Before, the tests expected failure return code for "pvscan --cache DevicePath"
if the device was filtered (which is a different situation if the device
is missing in the system completely!).
Peter Rajnoha [Mon, 12 Jan 2015 13:02:57 +0000 (14:02 +0100)]
dev-type: filter out partitioned device-mapper devices as unsuitable for use as PVs
Normally, if there are partitions defined on top of device-mapper
device, there should be a device-mapper device created for each
partiton on top of the old one and once the underlying DM device
is used by another devices (partition mappings in this case),
it can't be used as a PV anymore.
However, sometimes, it may happen the partition mappings are
missing - either the partitioning tool is not creating them if
it does not contain full support for device-mapper devices or
the mappings were removed.
Better safe than sorry - check for partition header on DM devs
and filter them out as unsuitable for PVs in case the check is
positive. Whatever the user is doing, let's do our best to prevent
unwanted corruption (...by running pvcreate on top of such device
that would corrupt the partition header).

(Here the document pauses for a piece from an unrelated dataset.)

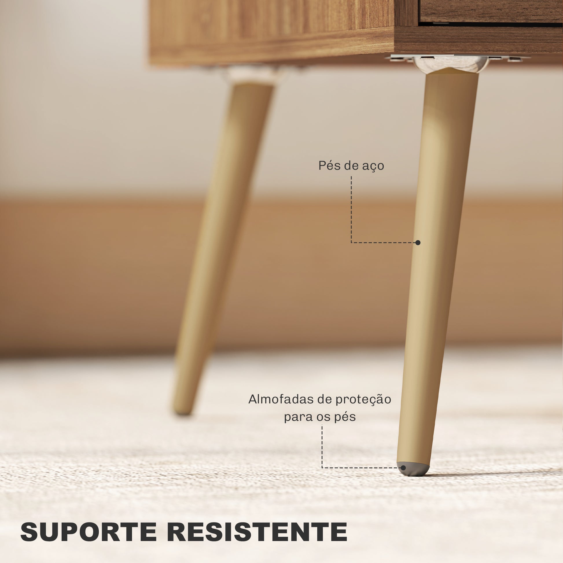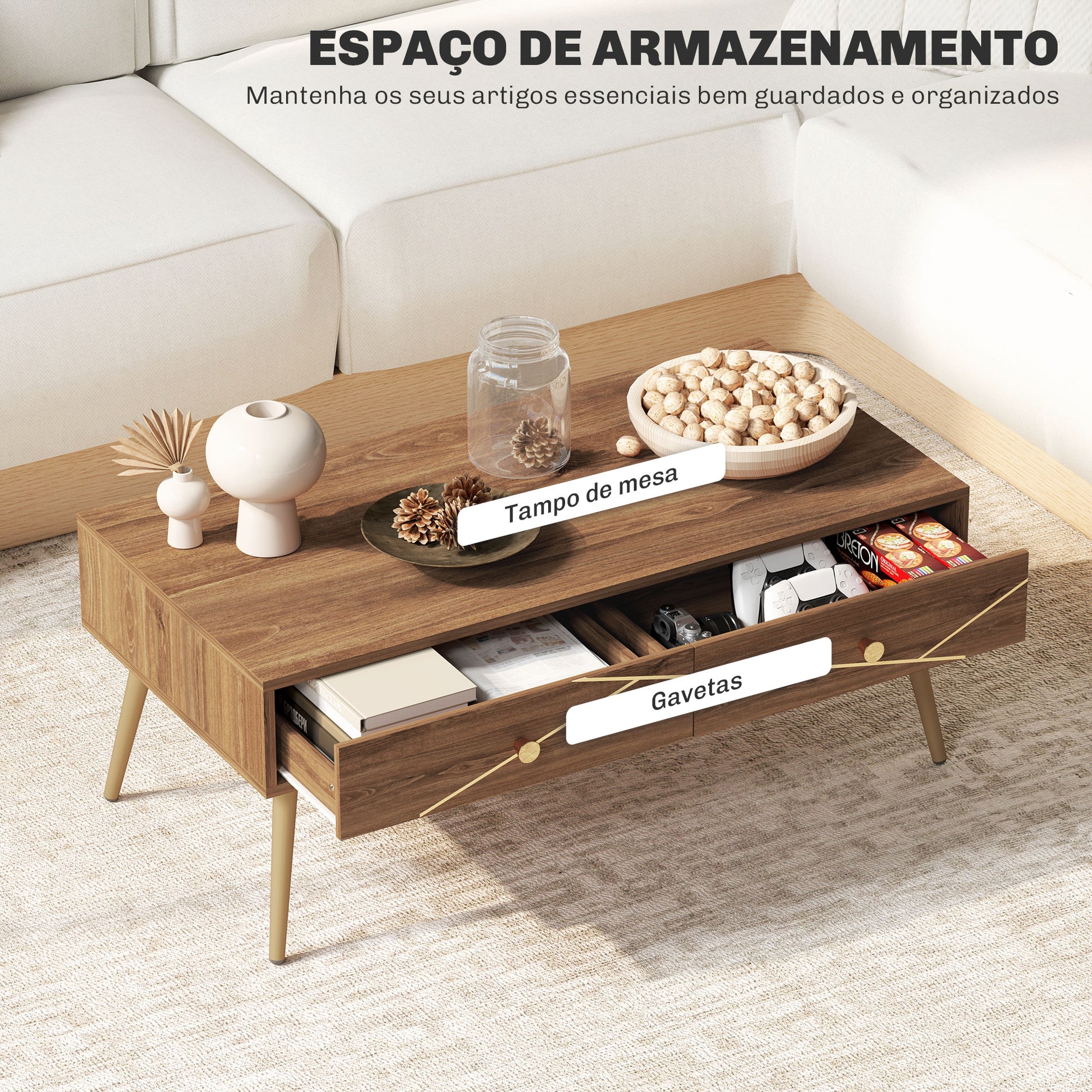 Adicione um toque de elegância à sua sala de estar com esta mesa de centro marrom de 100x50x41 cm, equipada com 2 gavetas e pés de aço.

Peter Rajnoha [Mon, 12 Jan 2015 12:50:11 +0000 (13:50 +0100)]
pvscan: notify lvmetad about device that is gone and pvscan is run with device path instead of major:minor pair
If pvscan is run with device path instead of major:minor pair and this
device still exists in the system and the device is not visible anymore
(due to a filter that is applied), notify lvmetad properly about this.
This makes it more consistent with respect to existing pvscan with
major:minor which already notifies lvmetad about device that is gone
due to filters.
However, if the device is not in the system anymore, we're not able
to translate the original device path into major:minor pair which
lvmetad needs for its action (lvmetad_pv_gone fn). So in this case,
we still need to use major:minor pair only, not device path. But at
least make "pvscan --cache DevicePath" as near as possible to "pvscan
--cahce <major>:<minor>" functionality.
Also add a note to pvscan man page about this difference when using
pvscan --cache with DevicePath and major:minor pair.
Peter Rajnoha [Fri, 9 Jan 2015 15:34:16 +0000 (16:34 +0100)]
scripts: clvmd: replace awk functionality with LVM's selection
No need to use awk now to get appropriate VGs/LVs, use LVM's
own --select - it's quicker, it removes a need for external
dependency on awk and it's also more readable.
Peter Rajnoha [Fri, 9 Jan 2015 13:04:44 +0000 (14:04 +0100)]
metadata: add "Failed to write VG <vg_name>." on failed vg_write and revert previous patch
Better than previous patch which changed log_warn to log_error -
we can have multiple MDAs and if one of them fails to be written,
we can still continue with other MDAs if we're in a mode where
we can handle missing PVs - so keep the log_warn for single
failed MDA write as it was before.
However, add log_error with "Failed to write VG <vg_name>." in
case we're not handling missing PVs or no MDA was written at all
during VG write process. This also prevents an internal error in
which the vg_write fails and we're not issuing any other log_error
in vg_write caller or above, so we end up with:
"Internal error: Failed command did not use log_error".